A given solution might be correct, or it might be subtly wrong (e.g., 1, 5, 9, …, 49, 53 for a threshold of 50), or it might be way off (e.g., −50, 50, −50, …). We can find out quickly enough by running the tests.

So, for this exercise, I would start out by writing a stub that returns an empty list regardless of the specified threshold. Then I would write a test that gives a threshold of 50 and expects 1, 5, 9, …, 49.

You may prefer to write the test first and then the stub. Either way, the first time we run this test, it should fail (if you try to run it but it doesn’t run due to a compilation error, it doesn’t count, in my opinion).

The easiest way to get our first test to pass would be to have the function always return the 1, 5, 9, …, 49 list regardless of the threshold.

Next, we might write a test that comes up with a pseudorandom threshold between, say, 501 and 1000, then checks the returned list to make sure it starts with 1, ends with the appropriate number, and in between, any two consecutive numbers have a difference of 4.

Make sure that now the test with the threshold of 50 passes but the test with the random threshold fails (from this point on I’ll just write “random” to mean “pseudorandom”).

Now it’s time to rewrite the function so that it actually does something with the threshold parameter. In Java, our first attempt might look something like this:

Do choose a better identifier than a bunch of underscores. Even with a better identifier, this function still looks painfully clumsy. It looks like it’s doing a lot more work than it needs to.

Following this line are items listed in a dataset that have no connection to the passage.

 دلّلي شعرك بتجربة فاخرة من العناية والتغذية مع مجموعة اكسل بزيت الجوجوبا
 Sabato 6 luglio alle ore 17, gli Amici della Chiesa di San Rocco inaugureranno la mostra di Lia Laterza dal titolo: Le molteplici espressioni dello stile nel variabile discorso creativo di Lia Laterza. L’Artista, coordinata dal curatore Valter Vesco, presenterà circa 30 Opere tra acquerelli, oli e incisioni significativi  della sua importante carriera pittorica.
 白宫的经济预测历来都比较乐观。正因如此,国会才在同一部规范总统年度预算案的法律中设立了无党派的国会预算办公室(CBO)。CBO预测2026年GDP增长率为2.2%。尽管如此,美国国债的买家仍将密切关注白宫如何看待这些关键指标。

Actually, though, in a real world scenario my first attempt would be a little better than that, I think yours would be also. With that one I was going out of my way to write something that would be very inefficient.

For instance, it makes little sense to add 0 to the list of numbers if we’re just going to remove it later. Worse, roughly 75% of the numbers added to the list will be removed later. That’s unnecessary.

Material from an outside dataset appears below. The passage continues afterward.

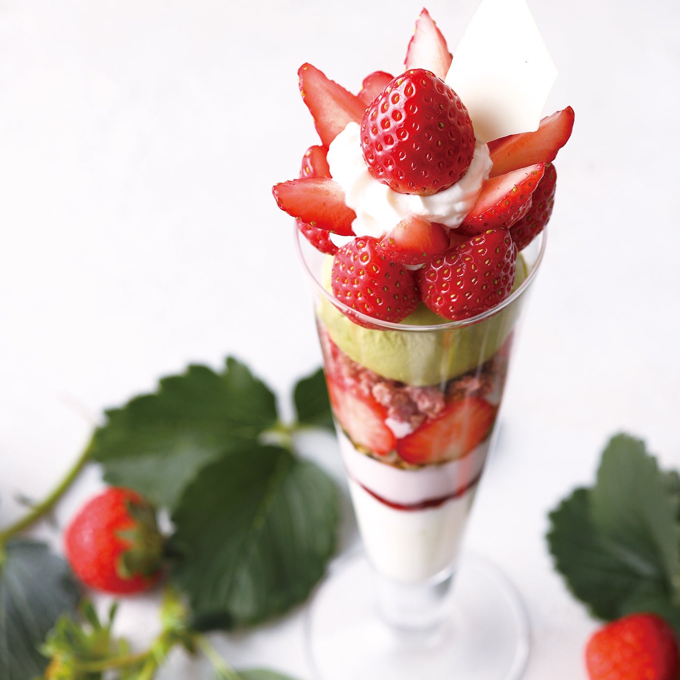 一番のおすすめ「苺とピスタチオのパフェ」は、グラスにも飾りにもたっぷりの苺を使用した華やかな新作。ピスタチオアイスやフランボワーズクランチをあわせて見た目も味わいも春らしく仕上げました。

And yet, on my obsolete computer, this clumsy algorithm passed the threshold of 50 test in just 17 milliseconds and the random threshold test in just 7 milliseconds (the random threshold was 614).

Streamlining the algorithm, we might come up with something like this:

In a run on my computer, the threshold of 50 test passed in 14 milliseconds and the random threshold test passed in 11 milliseconds (the random number for the threshold was 687).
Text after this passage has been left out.